Your copy should run exactly from the line containing "Above: Dr. Chan" to the last line of the entries below, and it should include no pictures.

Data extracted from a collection
= = =

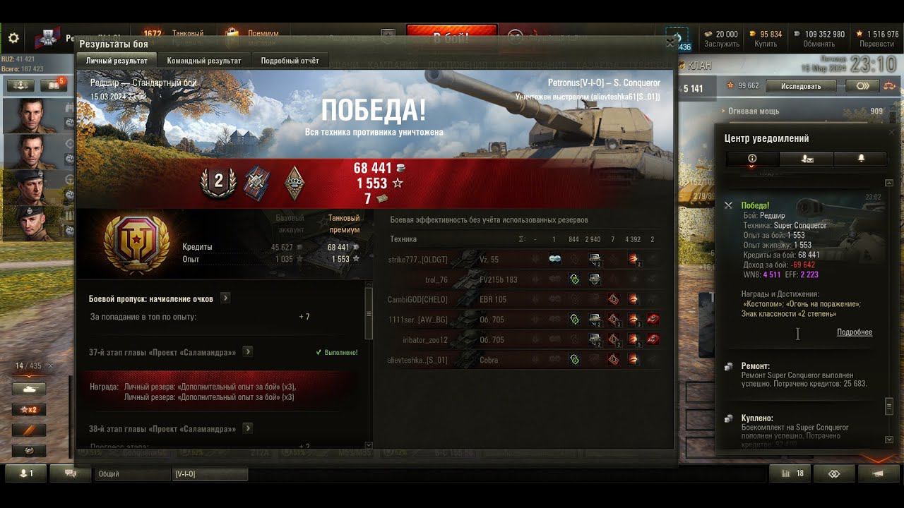 2024 03 15 1 vs 4, Super Conqueror, Редшир, 4392 урон, 2 фраг, 2940 затанчил
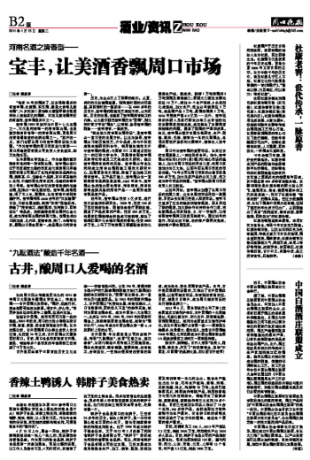 从近年开始,宝丰酒业加强了在周口市场的拓展力度,业务发展和市场开拓一路强劲,目前业务发展已经进入深度市场。宝丰不仅重启了过去的物流和销售渠道,而且开拓了新的渠道,加大新合作伙伴的合作力度,将各款酒品从市区到县、乡、村一字铺开,让清香型宝丰酒真正走进百姓家中。通过近年的运作,市场反应不错,老的客户群再次集结,新的客户群发展迅猛。
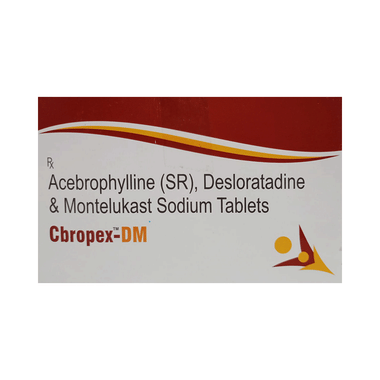 Cbropex-DM Tablet SR is a combination medicine used in the prevention of asthma. It relieves allergy symptoms such as runny nose, stuffy nose, sneezing, watery eyes, and congestion or stuffiness. It also helps relax the air passages' muscles, thus widening it and making it easier to breathe.Cbropex-DM Tablet SR is taken with or without food in a dose and duration as the doctor advises. Your dose will depend on your condition and how you respond to the medicine. You should keep taking this medicine for as long as your doctor recommends. If you stop treatment too early, your symptoms may come back, and your condition may worsen. Let your healthcare team know about all other medications you are taking, as some may affect or be affected by this medicine.
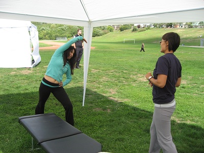 Above: Dr. Chan providing a stretch to a visitor to the tent.
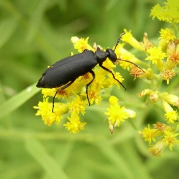 The Florida Blister Beetle, depicted, represents a host of species of insects lured to flowers seeking their nectar, and end up picking up pollen on their bodies and pollinating surrounding flowers. Florida hosts 26 species of this beetle, out of 2500 total related species around the world.
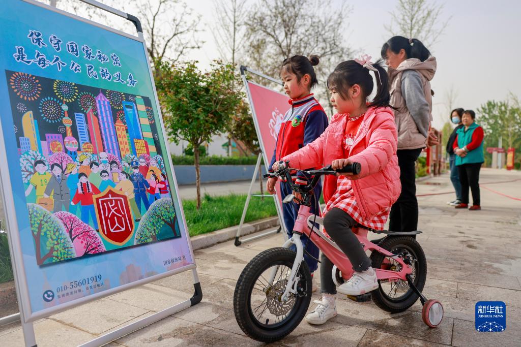 4月15日,在河北省唐山市丰南区岔河镇小稻地村,小朋友和家长在观看国家安全教育日主题展览。新华社发(李秀清 摄)

= = =

Exercise result
 Above: Dr. Chan providing a stretch to a visitor to the tent.
 The Florida Blister Beetle, depicted, represents a host of species of insects lured to flowers seeking their nectar, and end up picking up pollen on their bodies and pollinating surrounding flowers. Florida hosts 26 species of this beetle, out of 2500 total related species around the world.
 4月15日,在河北省唐山市丰南区岔河镇小稻地村,小朋友和家长在观看国家安全教育日主题展览。新华社发(李秀清 摄)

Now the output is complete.